Mechanisms of microbial catabolism of phytohormone abscisic acid (ABA) are still unknown. Here, we report the complete genome sequence of ABA-utilizing Rhodococcus sp.
ABSTRACT
Mechanisms of microbial catabolism of phytohormone abscisic acid (ABA) are still unknown. Here, we report the complete genome sequence of ABA-utilizing Rhodococcus sp. strain P1Y, isolated from the rice (Oryza sativa L.) rhizosphere. The sequence was obtained using an approach combining Oxford Nanopore Technologies MinION and Illumina MiSeq sequence data.
ANNOUNCEMENT
Representatives of the Rhodococcus genus can both produce and metabolize phytohormones and their precursors (1, 2). The strain Rhodococcus sp. P1Y was initially isolated from the rhizosphere of rice (Oryza sativa L.) seedlings using a selective nutrient medium containing abscisic acid (ABA) as the sole carbon source (3). Here, it was cultivated as described previously (3). Genomic DNA was extracted and purified using the QIAamp DNA minikit (Qiagen GmbH). Paired-end and mate pair libraries were prepared using the NEBNext Ultra II DNA library kit and the Nextera mate pair library prep kit (Illumina). Sequencing was performed on an Illumina MiSeq instrument with the MiSeq reagent kit v.2 (500 cycles), which generated 2,848,635 and 100,034 reads, respectively. The paired-end reads were filtered and trimmed with PrinSeq lite v.0.20.4 (4), leaving 2,704,317 high-quality read pairs (179× genome coverage). The mate pair reads were processed with NxTrim v.0.4.2 (5), leaving 65,022 proper mate pairs (6× genome coverage).

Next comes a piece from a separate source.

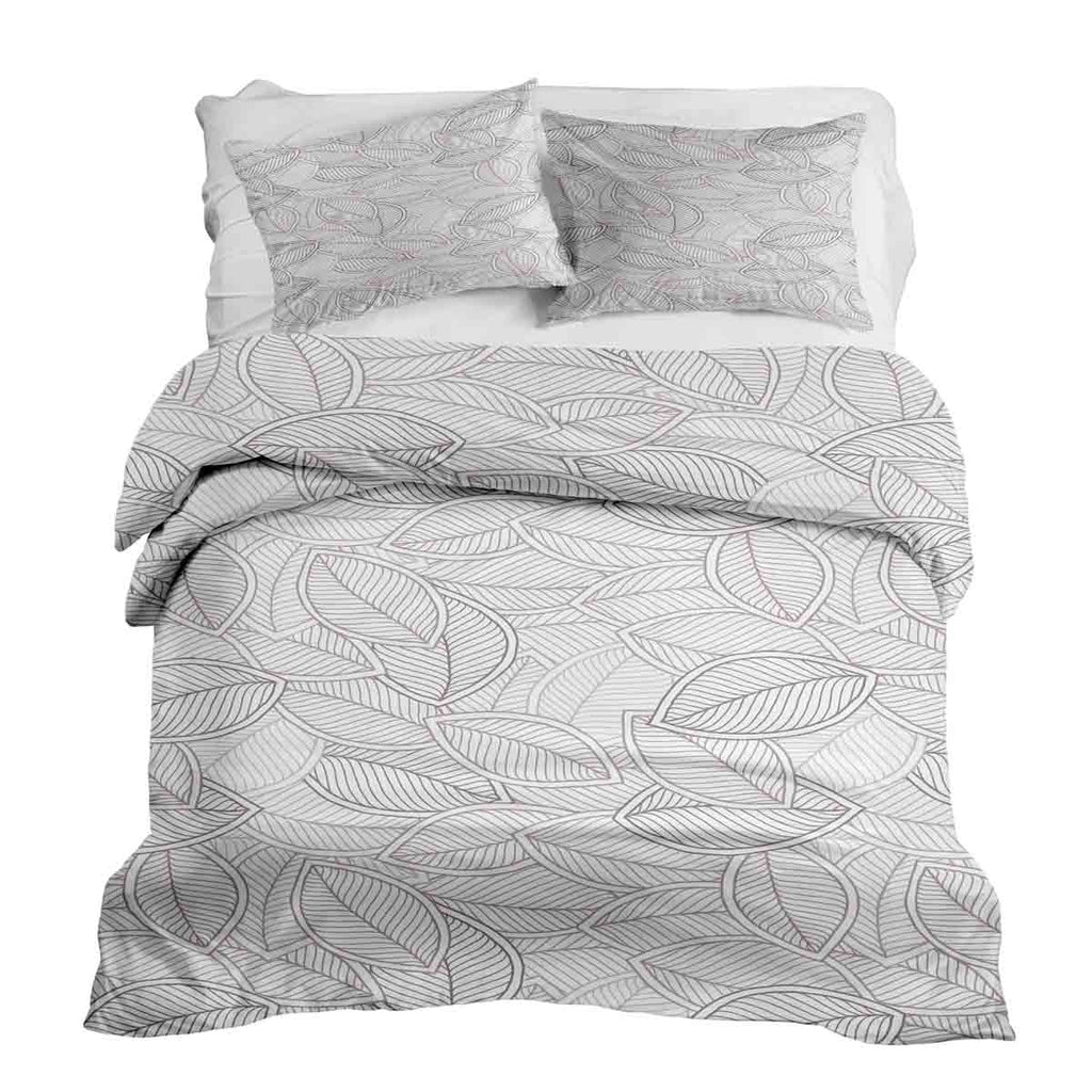 Set de ropa de cama con mantas terapéuticas y hojas de palma grises

A Nanopore library was prepared using a 1D ligation sequencing kit (SQK-LSK-108; Nanopore) and sequenced on a MinION Mk1 device. The sequencing output was 4.3 Gb (49,975 reads with a mean length of 5.5 kb and maximal length of 175.1 kb; the predicted genome coverage depth was 64×). Nanopore data assembly was performed with Canu v.1.7, which produced a single circular contig (6). Single-nucleotide polymorphisms (SNPs), short indels, and local misassemblies remaining in the assembly were fixed by Pilon v.1.22 (7) using both paired-end and mate pair Illumina data mapped onto the assembled contig by BWA-MEM (8). Multiple rounds of error correction, using the default settings of Pilon and BWA, were performed until no more errors could be fixed. The absence of large misassemblies was confirmed with mate pair data and NxRepair (9).

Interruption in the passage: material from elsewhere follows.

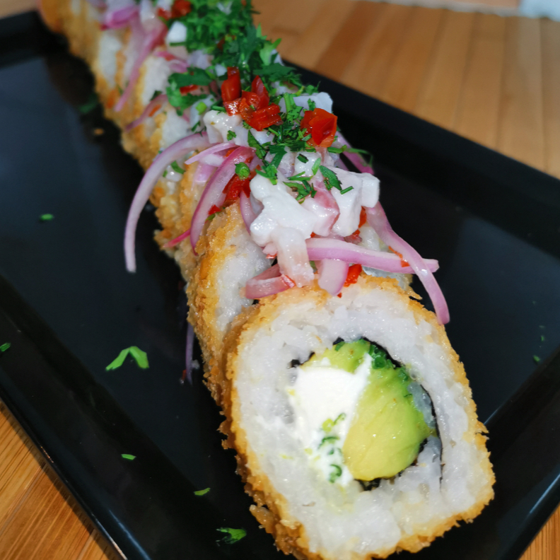 Queso crema, aguacate, cebollin, frito en panko. Cubierto en ceviche peruano. 10 bocados

The complete genome sequence of Rhodococcus sp. strain P1Y consists of a single circular chromosome of 5,868,661 bp with a GC content of 63.19%. Annotation was performed using the NCBI Prokaryotic Genome Annotation Pipeline v.4.5 (10). A total of 5,453 genes were identified, of which 5,253 were protein-coding genes, 138 were pseudogenes, and 62 were RNA genes, of which 12 were rRNA, 47 were tRNA, and 3 were noncoding RNA (ncRNA) genes.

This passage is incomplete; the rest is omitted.